Swartz had a life marked with brilliance, passion, and, for much of his adult life, deep depression. He helped create the RSS feed at age 14, co-developed the Creative Commons license, and was an early builder of Reddit in 2006. More recently, Swartz founded the group DemandProgress and spearheaded the successful campaign against the Stop Online Piracy Act and the Protect IP Act, which would have granted law enforcement greater powers to crack down on intellectual property rights violations up to and including forced censorship of domain names.
The federal government watched him at every turn. After Swartz retrieved 20 percent of U.S. case-law from behind a government-run paywall and reuploaded it to the Internet for others to access, for free, the FBI launched their investigation against him. He narrowly avoided litigation. Federal Prosecutor Carmen Ortiz pounced years later, in 2011, when he was caught using the MIT network and clever programming to download millions of academic articles from database JSTOR. Swartz was charged with fraud and theft—millions of dollars of theft, though he didn't profit a dime.

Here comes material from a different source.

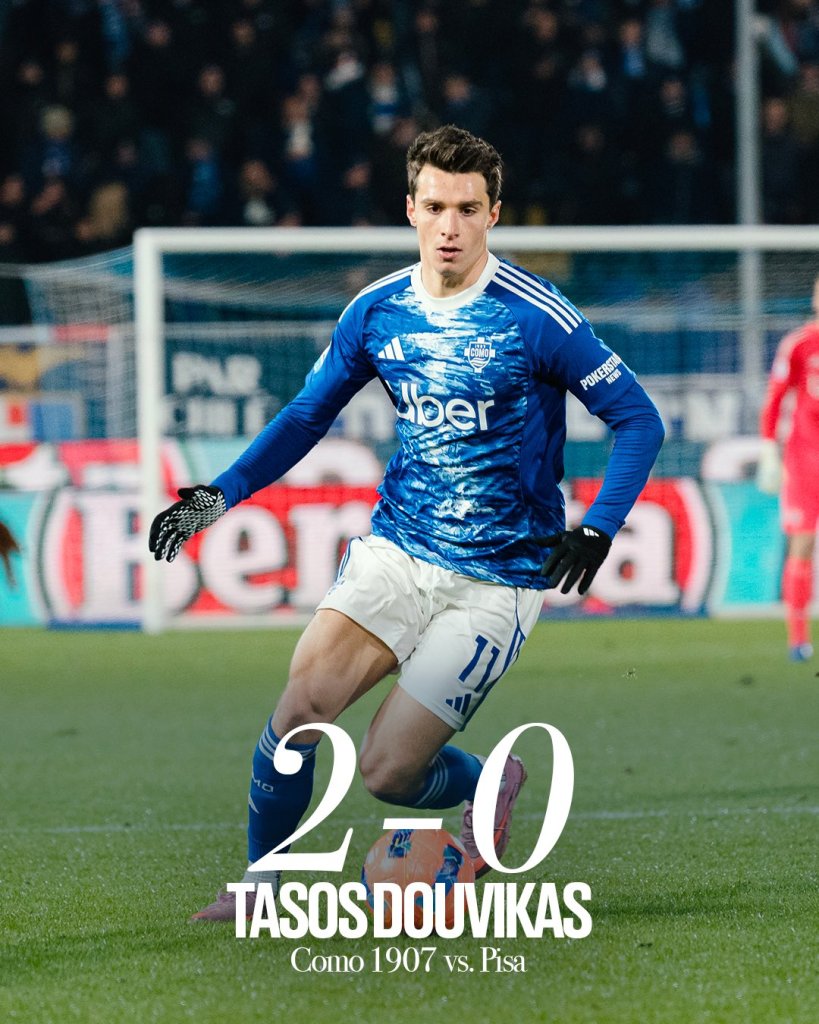 Με πέντε διαδοχικές νίκες, η Κόμο όχι μόνο έχει εξαιρετικές πιθανότητες να πάρει ευρωπαϊκό εισιτήριο, αλλά, έχει κάθε δικαίωμα να ονειρεύεται συμμετοχή στο Champions League. Με τον Τάσο Δουβίκα να σκοράρει και να φτάνει τα 11 γκολ, η ομάδα του Φάμπρεγας επιβλήθηκε 5-0 της Πίζας και παραμένει στη τέταρτη θέση.
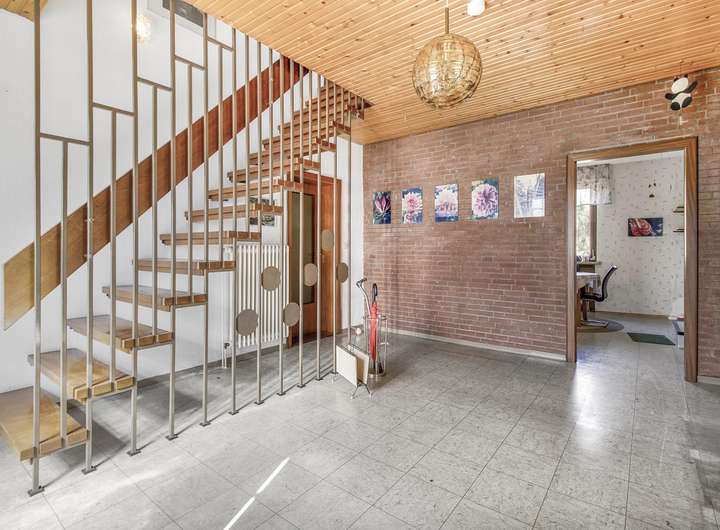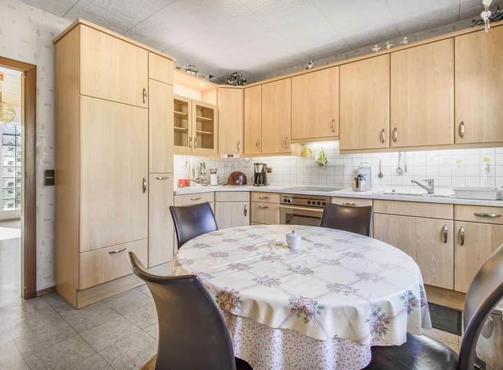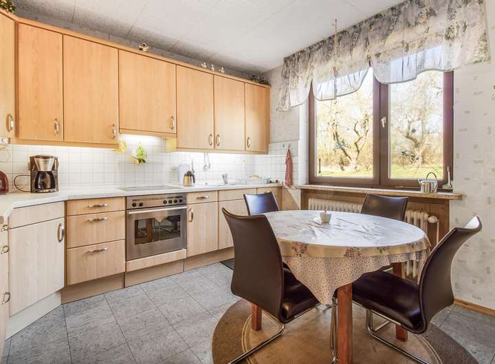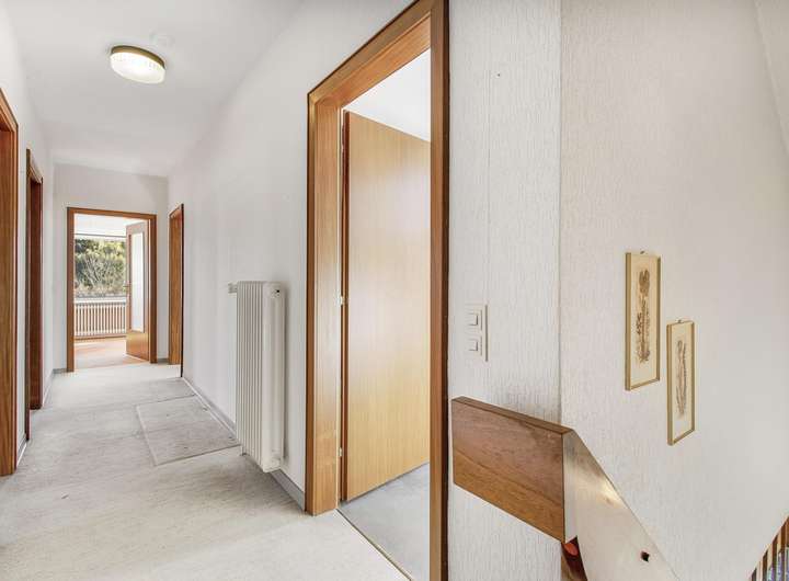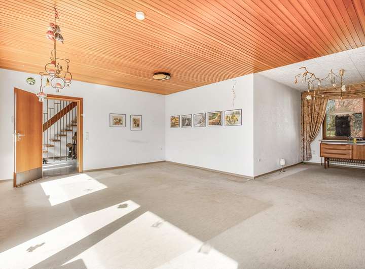 Das Anwesen besteht aus einem ehemaligen landwirtschaftlichen Betriebsgebäude aus ca. 1880 sowie einem Wohnhaus, das im Jahr 1970 errichtet wurde. Die Gesamtwohnfläche beträgt großzügige ca. 235 m² und überzeugt durch einen durchdachten, familienfreundlichen Grundriss. Bereits beim Betreten des Hauses werden Sie von einer großzügigen Diele empfangen, die zentral zu den Wohnbereichen führt. Das große Wohn- und Esszimmer sowie die angrenzende Küche bieten viel Platz für gemeinsame Stunden. Von der Diele aus gelangen Sie direkt in den angrenzenden Altbau. Über eine Treppe in der Diele erreichen Sie das ausgebaute Dachgeschoss. Hier erwarten Sie zwei gemütliche Kinderzimmer, ein Elternschlafzimmer mit Zugang zu einem Balkon sowie ein Tageslichtbad.

JSTOR declined to prosecute, but MIT remained silent and the Department of Justice asked for the maximum sentence of more than 30 years and $1 million in fines—and that was before a September indictment that trebled the felony charges against him.
Now Aaron Swartz is dead. Here are some voices raised in remembrance and anger:
- Cory Doctorow, announcing Swartz's death publicly, remembers a young man who made a great impression upon him: “To the world: we have all lost someone today who had more work to do, and who made the world a better place when he did it.”
- Glenn Greenwald provides a comprehensive overview, conscious both of the deep injustice done to Swartz and of his heroism: “Swartz was destroyed by a 'justice' system that fully protects the most egregious criminals as long as they are members of or useful to the nation's most powerful factions, but punishes with incomparable mercilessness and harshness those who lack power and, most of all, those who challenge power.”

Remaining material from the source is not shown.